** RECORDED INFORMATION **
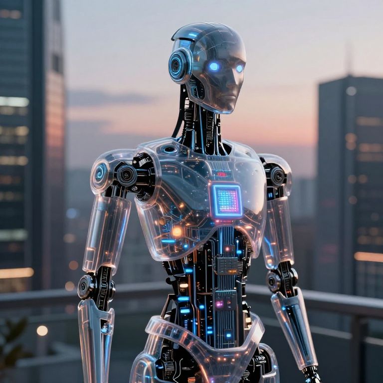 Artificial intelligence AI images depicting a humanoid robot with transparent casing revealing complex circuits and glowing processors, set against a sleek futuristic cityscape at dusk, soft ambient lighting with reflections and cyberpunk aesthetics.
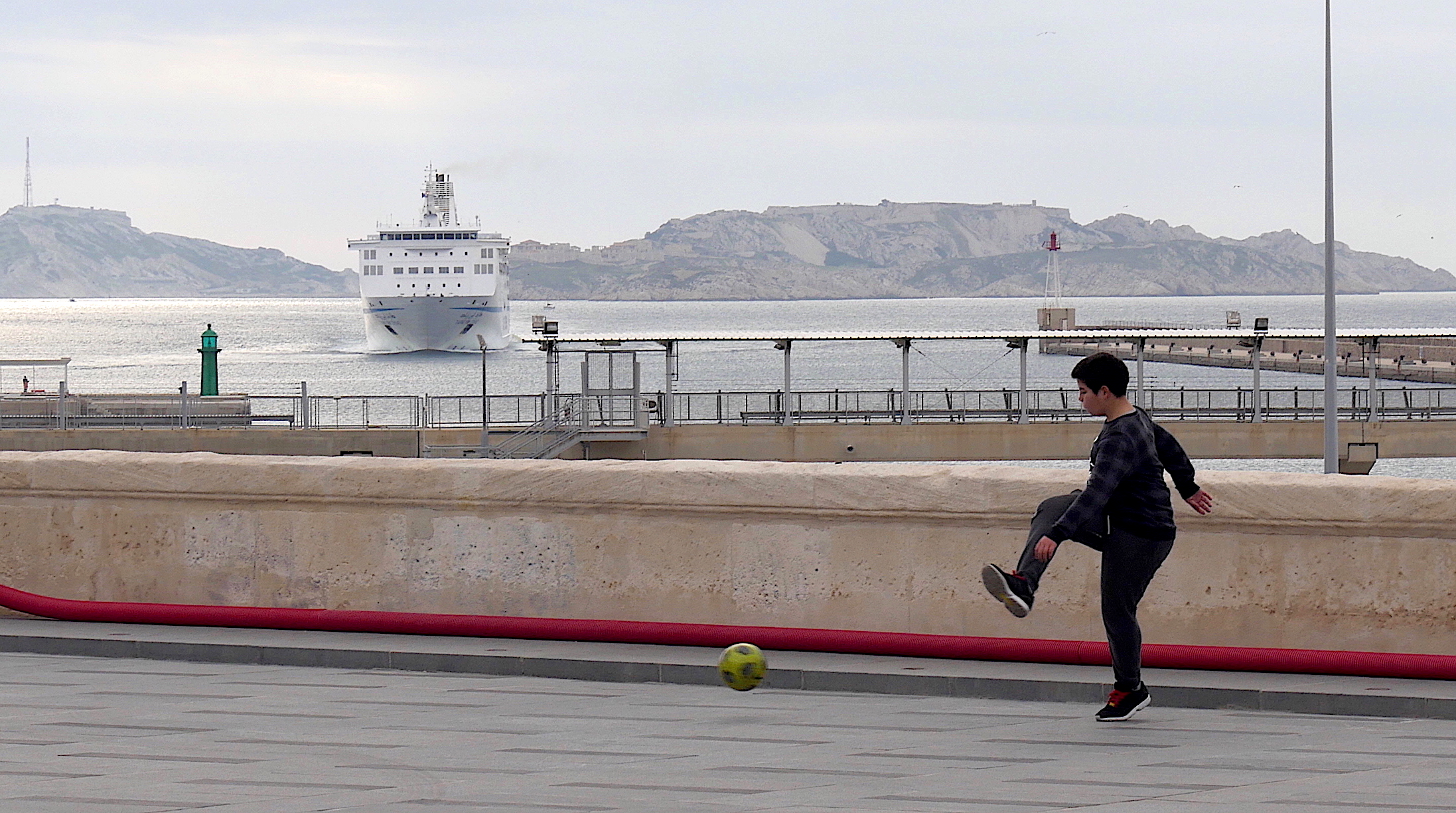 Un parvis de cathédrale où la jeunesse (et pas que) fait du roller, du skate, joue au foot devant un bateau entrant au port comme si c’était parfaitement banal. Je ne suis toujours pas habitué et toujours autant impressionné par ce spectacle.
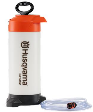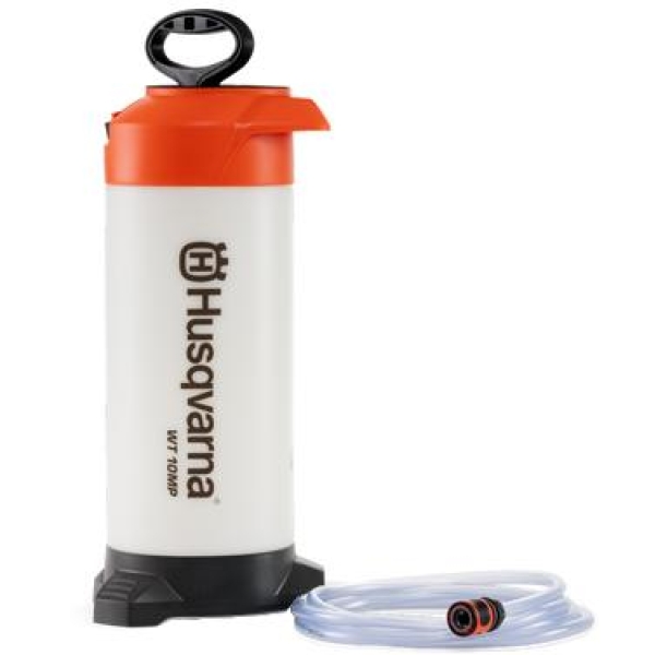 Hvis det ikke er noen vannforsyning i nærheten, kan du bruke en trykksatt vanntank. Ved å pumpe på håndtaket noen ganger får du det nødvendige trykket. Tanken rommer 10 liter og leveres komplett med slange som er koblet til våtkappesettet på maskinen.

** WHAT THE EXERCISE ASKS **
Output an exact copy of the material, with the pictures removed.

** THE COMPLETED TASK **
 Artificial intelligence AI images depicting a humanoid robot with transparent casing revealing complex circuits and glowing processors, set against a sleek futuristic cityscape at dusk, soft ambient lighting with reflections and cyberpunk aesthetics.
 Un parvis de cathédrale où la jeunesse (et pas que) fait du roller, du skate, joue au foot devant un bateau entrant au port comme si c’était parfaitement banal. Je ne suis toujours pas habitué et toujours autant impressionné par ce spectacle.
 Hvis det ikke er noen vannforsyning i nærheten, kan du bruke en trykksatt vanntank. Ved å pumpe på håndtaket noen ganger får du det nødvendige trykket. Tanken rommer 10 liter og leveres komplett med slange som er koblet til våtkappesettet på maskinen.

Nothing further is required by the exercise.